EXTRACTED ENTRIES
===

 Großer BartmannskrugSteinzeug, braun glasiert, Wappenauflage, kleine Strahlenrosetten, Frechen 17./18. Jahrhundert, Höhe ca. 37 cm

===

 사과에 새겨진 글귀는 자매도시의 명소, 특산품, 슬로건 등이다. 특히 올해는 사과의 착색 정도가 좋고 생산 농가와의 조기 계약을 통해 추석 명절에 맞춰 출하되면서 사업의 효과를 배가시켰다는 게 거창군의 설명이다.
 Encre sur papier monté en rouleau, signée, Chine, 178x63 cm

===

PROBLEM REQUIREMENTS
Please copy the lines in the records above between the one holding "사과에 새겨진 글귀는" and the one holding "Encre sur papier", inclusive, exactly and with no other line.

YOUR SOLUTION
 사과에 새겨진 글귀는 자매도시의 명소, 특산품, 슬로건 등이다. 특히 올해는 사과의 착색 정도가 좋고 생산 농가와의 조기 계약을 통해 추석 명절에 맞춰 출하되면서 사업의 효과를 배가시켰다는 게 거창군의 설명이다.
 Encre sur papier monté en rouleau, signée, Chine, 178x63 cm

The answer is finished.